West Java

Bandung City

Love Engine | Friday, 05 December 2014 - 22:45:55 WIB | be read: 4187 reader

Gedung Sate

After the bottle-green hills of Cibondas and the Puncak Pass, the sprawling bulk of Bandung hits you like a baseball bat across the back of the head. Once the ‘Paris of Java', the city is now a throng of congested, polluted streets and endless suburbs, and any romantic notions of colonial glamour have long disappeared. This is one of Indonesia’s megacities (the Bandung conurbation is home to over seven million people) and West Java’s capital, and it likes everyone to know it.
 
But not everything has gone to pot. Among the shopping malls and business hotels you’ll find a dynamic, major city that’s on the move.
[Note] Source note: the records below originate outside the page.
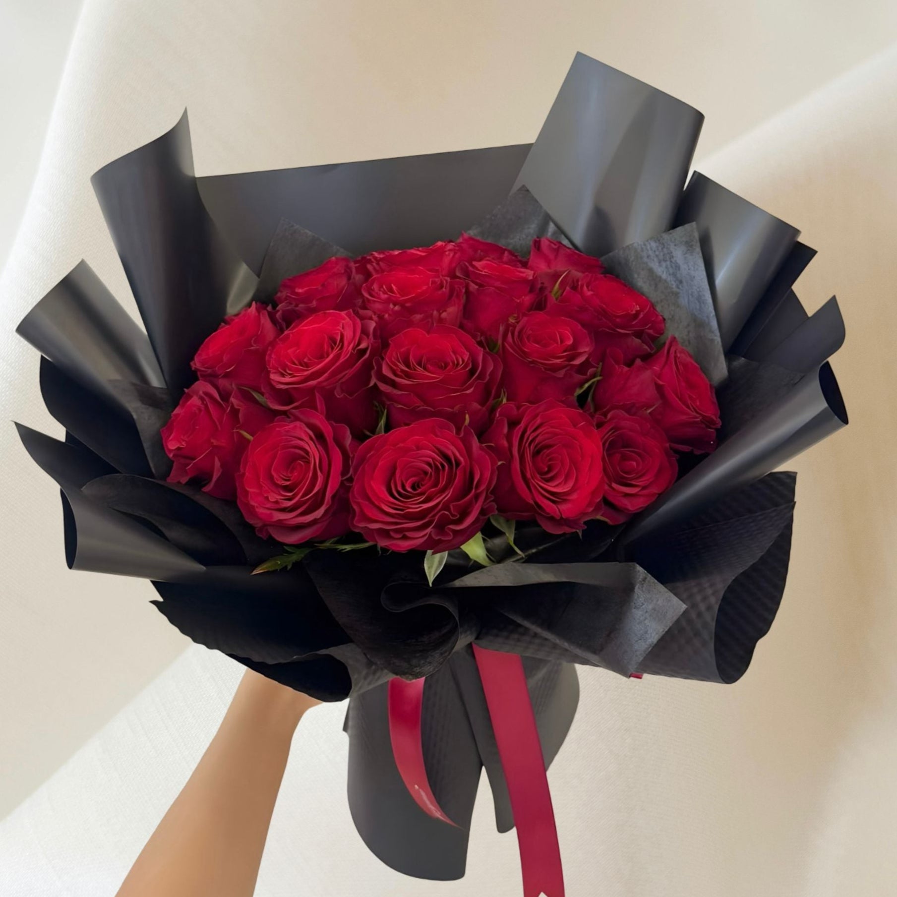 A striking bouquet of 20 premium red roses wrapped in elegant black paper, exuding passion and sophistication. Perfect for romantic occasions, anniversaries, or making a bold statement of love.
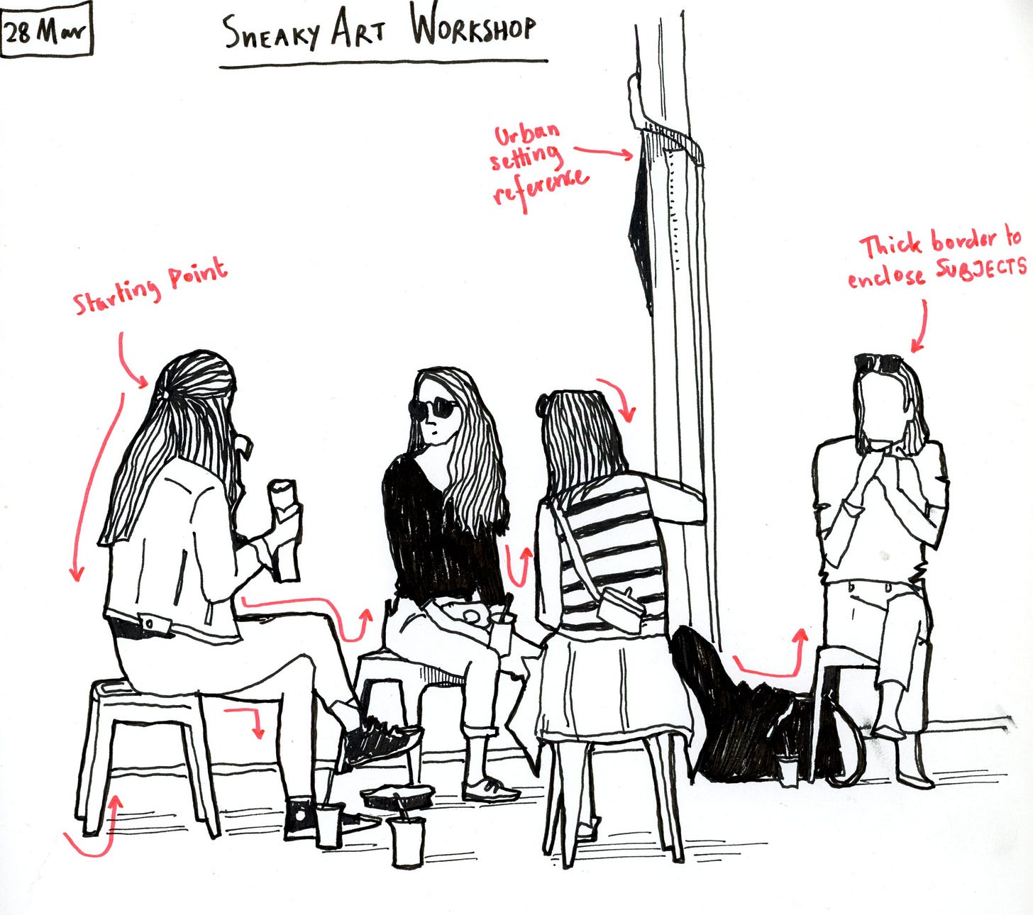 Below are some demos I did during the last workshop. The first is the opening demo from the first session, talking about how I observe a busy urban scene and focus on the things that matter (to me). As I drew, I explained my strategy to move across the page. This is especially important when you work with ink and at speed, because there’s no way to rectify errors or go backwards.
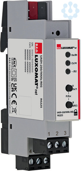 Universaler Dimmaktor und Schaltaktor (1-Kanal), Ventilaktor mit Pulsweitenmodulation (PWM) für thermische Stellantriebe, KNX Secure fähig, KNX-Reiheneinbaugerät zur Montage auf einer Hutschiene (TH 35 nach EN 60715) zum Einbau in den Verteiler, Binäreingänge 230V (2x), geräuschloser Halbleiter-Ausgang 230V, umfangreiche Dimmfunktionen, Dimmen mit Phasenanschnitt- oder Phasenabschnittssteuerung, Szenen- und Sequenzfunktion, Treppenhaus-, Timer- und Zählerfunktionen, Sperrfunktionen, diverse Überwachungsfunktionen, 16 Logikfunktionen und Zeitfunktionen, Vor Ort-/Handbedienung, Spannungsversorgung über KNX-Bus, Anschluss der Eingänge und Ausgänge über Schraubklemmen, Parametrierung ab ETS 5 zur Integration in KNX-Systeme, Die Produktdatenbank kann von der B.E.G.-Homepage heruntergeladen oder vom ETS-Onlinekatalog direkt importiert werden
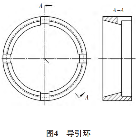 用于密封圈理順的挑針、套于螺紋上防止螺紋劃傷 密封圈的導(dǎo)套和保護(hù)圈校正的校正棒、收壓板、收壓套等 都屬密封件安裝的常用工裝,除此之外,一些設(shè)計(jì)上因結(jié) 構(gòu)受限而無法處理的槽或孔必須借助工裝來進(jìn)行彌補(bǔ), 否則密封圈的損傷無法消解。圖4所示為圖5某活塞組件結(jié)構(gòu)的輔助工裝實(shí)例,從中可以看出,如果不使用導(dǎo)引環(huán) 對襯套右端為了傳力板角向定位而銑掉的部分進(jìn)行補(bǔ) 形,在活塞壓入襯套時(shí),必然會(huì)成為活塞上的密封圈在該 位置鼓出的誘因,所以該活塞組件的傳力板、拉桿應(yīng)選在活塞壓入襯套之后安裝。同理,對閥套上不能開環(huán)形凹槽 過渡處理的交叉孔,也可以使用工藝柱銷進(jìn)行補(bǔ)形。

It attracts workers, intellectuals and students from across the archipelago, and its industries, restaurants and cafes throb with life. Today, grandiose art deco buildings, heaving market stalls, becak and multiplexes jostle for space in the city.
 
Bandung was originally established in the late 19th century as a colonial garrison town, but it rapidly acquired importance as a commercial and educational centre. Because of its pleasant climate – it stands at 750m above sea level – the Dutch even had plans to make it the capital prior to WWII. The city’s most notable entry in the history books was as host of the Asia-Africa conference in 1955. The main attraction of Bandung is its proximity to sights: high volcanic peaks, hot springs and enormous tea plantations are all easy day trips from the city.
 
Orientation
Bandung spreads out over the northern foothills of a huge plateau surrounded by high mountain ridges. The main part of the city lies south of the train line, and is centred on Jl Asia Afrika and the alun-alun (main public square). Along Jl Asia Afrika are the tourist office, post office, banks and some fine art deco hotels. Jl Braga just north of here has a strip of bars and cafes. In colonial times, the train tracks divided the riff-raff in the south from the Dutch city in the north, and the social divide still rings true. The genteel tree-lined streets and upmarket residential areas in the north harbour most of Bandung’s cosmopolitan restaurants (and the key student area around Jeans St) and are bordered by the hills of Dago.